**COLLECTED MATERIAL**
────

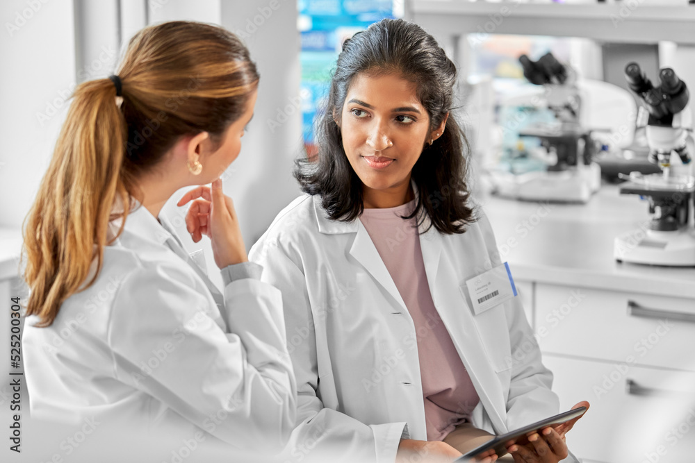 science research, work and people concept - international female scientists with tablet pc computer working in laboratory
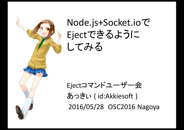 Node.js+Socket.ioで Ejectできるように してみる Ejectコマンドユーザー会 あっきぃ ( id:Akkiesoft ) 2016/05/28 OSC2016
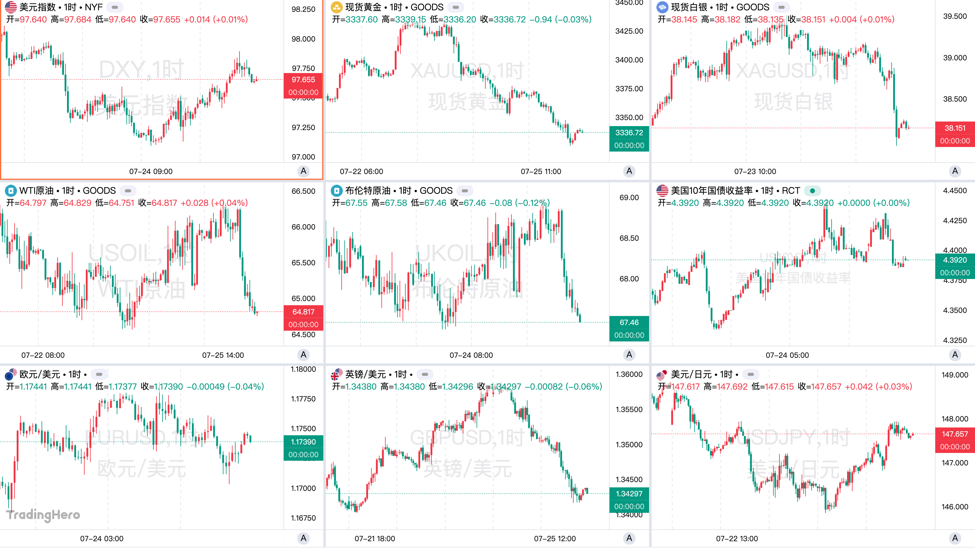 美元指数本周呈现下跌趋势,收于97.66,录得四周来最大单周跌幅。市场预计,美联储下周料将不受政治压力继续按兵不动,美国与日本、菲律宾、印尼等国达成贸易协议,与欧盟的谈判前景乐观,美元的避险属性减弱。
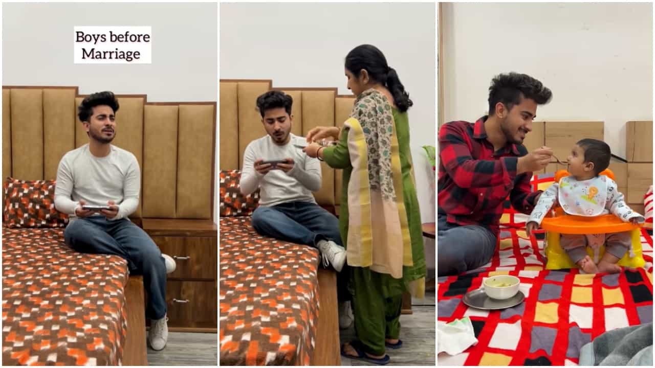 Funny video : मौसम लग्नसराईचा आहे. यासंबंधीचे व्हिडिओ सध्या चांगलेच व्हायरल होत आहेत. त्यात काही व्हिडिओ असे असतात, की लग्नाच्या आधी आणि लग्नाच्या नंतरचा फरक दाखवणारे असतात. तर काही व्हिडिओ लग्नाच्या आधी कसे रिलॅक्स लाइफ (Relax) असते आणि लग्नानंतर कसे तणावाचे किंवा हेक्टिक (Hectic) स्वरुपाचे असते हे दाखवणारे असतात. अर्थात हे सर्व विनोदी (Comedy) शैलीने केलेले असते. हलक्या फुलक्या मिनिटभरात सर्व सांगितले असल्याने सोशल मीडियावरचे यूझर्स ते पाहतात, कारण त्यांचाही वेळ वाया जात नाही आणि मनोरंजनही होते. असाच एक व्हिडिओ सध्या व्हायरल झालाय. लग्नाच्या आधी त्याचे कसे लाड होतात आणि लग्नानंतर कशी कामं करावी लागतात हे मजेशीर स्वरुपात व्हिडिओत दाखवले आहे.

────

**WORK TASK**
Write out an exact reproduction of the lines from the line that holds "Node.js+Socket.ioで Ejectできるように してみる" to the bottom of the listing above, both ends included. Exclude pictures.

**RESULT OF THIS TASK**
 Node.js+Socket.ioで Ejectできるように してみる Ejectコマンドユーザー会 あっきぃ ( id:Akkiesoft ) 2016/05/28 OSC2016
 美元指数本周呈现下跌趋势,收于97.66,录得四周来最大单周跌幅。市场预计,美联储下周料将不受政治压力继续按兵不动,美国与日本、菲律宾、印尼等国达成贸易协议,与欧盟的谈判前景乐观,美元的避险属性减弱。
 Funny video : मौसम लग्नसराईचा आहे. यासंबंधीचे व्हिडिओ सध्या चांगलेच व्हायरल होत आहेत. त्यात काही व्हिडिओ असे असतात, की लग्नाच्या आधी आणि लग्नाच्या नंतरचा फरक दाखवणारे असतात. तर काही व्हिडिओ लग्नाच्या आधी कसे रिलॅक्स लाइफ (Relax) असते आणि लग्नानंतर कसे तणावाचे किंवा हेक्टिक (Hectic) स्वरुपाचे असते हे दाखवणारे असतात. अर्थात हे सर्व विनोदी (Comedy) शैलीने केलेले असते. हलक्या फुलक्या मिनिटभरात सर्व सांगितले असल्याने सोशल मीडियावरचे यूझर्स ते पाहतात, कारण त्यांचाही वेळ वाया जात नाही आणि मनोरंजनही होते. असाच एक व्हिडिओ सध्या व्हायरल झालाय. लग्नाच्या आधी त्याचे कसे लाड होतात आणि लग्नानंतर कशी कामं करावी लागतात हे मजेशीर स्वरुपात व्हिडिओत दाखवले आहे.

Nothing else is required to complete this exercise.